Register For Our Mailing List

Register to receive our free weekly newsletter including editorials.

Home / 277

Results: Factfulness of Australians and Cuffelinks readers

Thanks to almost 5,000 readers who took on the Factfulness quiz. While the majority scored less than 5 out of 13, this was not unexpected and heightens the purpose of the exercise: to give people a more accurate view of global development.

The following charts show how Cuffelinks readers' results compare to the random guesses of a chimpanzee (yellow dotted lines), the Australian average (black outline), and a selection of other countries, question by question.

Cuffelinks readers' averaged better than a chimpanzee for 6 of the 13 questions, and better than the Australian average for 10 questions. The question that ranked highest for difficulty was how many girls in low income countries finish primary school (only 16% answered correctly) and the easiest question was on climate change (95% correct). This also corresponds to Gapminder's overall averages. A short explanation, extracted from Gapminder's website, is included for each question.

Question 1

The share of people living on less than US$1.90/day fell from 34% in 1993 to 11% in 2013, according to World Bank. However, extreme poverty is difficult to measure. The poorest people are subsistence farmers with insufficient harvests or destitute slum dwellers, with unpredictable and constantly-changing living conditions and few documented monetary transactions. But even if the exact levels are uncertain, the trend direction is not, because the method for estimating has not changed. We can trust that the level has fallen to at least half, if not one-third.

Question 2

88% of 1-year-old children in the world today are vaccinated against some disease, according to the World Health Organisation (WHO). Gapminder rounded it down to 80% to avoid overstating progress. The common vaccines are as follows:

  • BCG (Tuberculosis): 88%
  • DTP3 (Diphtheria tetanus toxoid and pertussis): 86%
  • MCV1 (Measles, 1st dose): 85%
  • Pol3 (Polio): 85%
  • HepB3 (Hepatitis B): 84%
  • PAB (Neonatal tetanus): 84%
  • Hib3 (Haemophilus influenzae type b): 70%
  • MCV2 (Measles, 2nd dose): 64%
  • PCV3 (Pneumococcal conjugate): 42%
  • RotaC (Rotavirus): 15%

Question 3

Annual deaths from natural disasters have decreased by 75% over the past 100 years, according to the Emergency Events Database (EM-DAT). Since disasters vary from year to year, 10-year averages are compared. In the 10 years from 2007 to 2016, on average 80,386 people were killed by natural disasters per year. This is 25% of the number 100 years earlier (1907–1916), when it was 325,742 deaths per year.
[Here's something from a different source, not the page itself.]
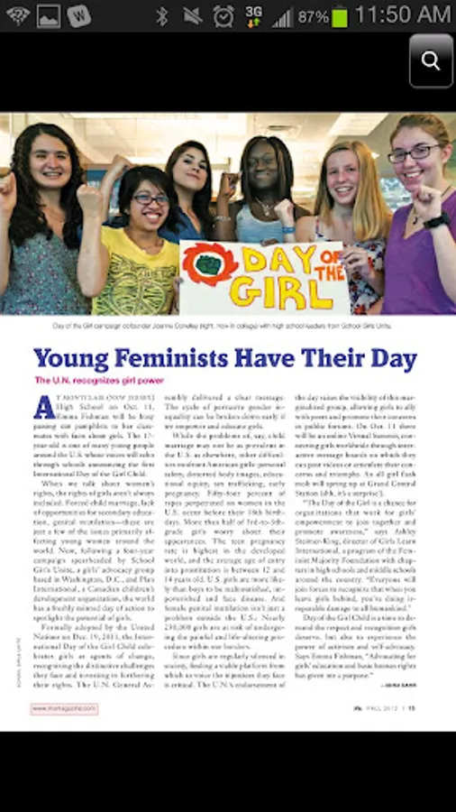 Now available for Android! Ms. Magazine is the largest feminist publication in the world – an award-winning, trusted, popular source for information and ideas, actions and inspiration for women worldwide. For over 40 years, Ms. has been Reporting, Rebelling and Truth-telling.

The huge decline in disaster deaths would be even more striking if two other major global changes were also taken into account. First, the number of people has increased by four, which calls for counting disaster deaths per capita. From 1907–1916, there were 181 disaster deaths per million people, and from 2007–2016, the number was 11. The relative number has dropped to 6% of what it was 100 years ago. Second, 100 years ago the communication technologies for reporting disasters were primitive, compared to the monitoring of today, which means that many catastrophes must have gone unrecorded or been under-reported.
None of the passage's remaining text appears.